Our group has recently demonstrated a second, emergency route of cross-presentation, active when TAP is unable to function (Barbet et al., 2021) (Figure 3). Without functional TAP, the subcellular location of MHC-I molecules changes such that the ERC becomes depleted of MHC-I molecules. Instead, newly generated MHC-I molecules remain in the ERGIC, but can still be recruited to phagosomes. TAP-deficient DCs continue to cross-present coopting instead ER-SNARE Sec22b-mediated traffic from the ERGIC to deliver MHC-I molecules to phagosomes for cross-presentation. This pathway normally delivers the MHC-I PLC to phagosomes to enable cross-presentation (Cebrian et al., 2011; Nair-Gupta et al., 2014). Because vesicular traffic from the ERGIC is not controlled by TLRs (Nair-Gupta et al., 2014), Sec22b-dependent phagosomal MHC-I molecule recruitment and cross-presentation does not follow TLR regulation. As such, in an effort to counter TAP blockade, DCs switch from TLR-regulated cross-presentation to noncanonical cross-presentation that bypasses TLR regulation (Figure 3) (Barbet et al., 2021). As such, although the presentation of peptides by MHC-I molecules is preserved during TAP blockade, this back-up strategy comes at the cost of indiscriminate presentation of peptides from either self or non-self in a T-cell costimulatory context during infection (Barbet et al., 2021).

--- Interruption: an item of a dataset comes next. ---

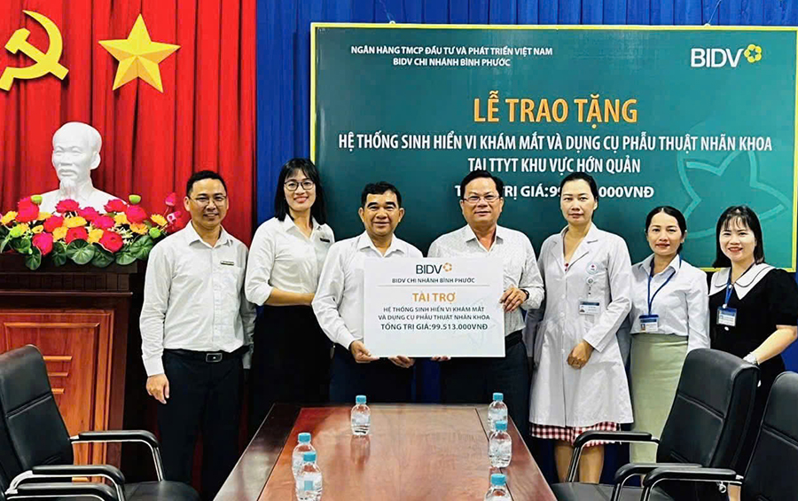 Vừa qua, Trung tâm Y tế khu vực (TTYT KV) Hớn Quản đã tiếp nhận hệ thống sinh hiển vi khám mắt và bộ dụng cụ phẫu thuật nhãn khoa hiện đại do Ngân hàng TMCP Đầu tư và Phát triển Việt Nam (BIDV) – chi nhánh Bình Phước tài trợ, với tổng giá trị 99.513.000 đồng.

Besides MHC-I molecules, TAP itself has been shown to undergo subcellular relocalization from endosomes, the sites of internalized antigen, to the ER and lysosomes upon the differentiation of monocytes into immature and mature DCs (Döring et al., 2019). This was associated with increased levels of TAP1, albeit reduced TAP-dependent peptide transport and an increased half-life of cell surface peptide:MHC-I complexes, leading to a model whereby antigen uptake and processing could be spatiotemporally separated to partially explain the greater CD8+ T cell stimulatory capabilities of monocyte derived DCs (Döring et al., 2019).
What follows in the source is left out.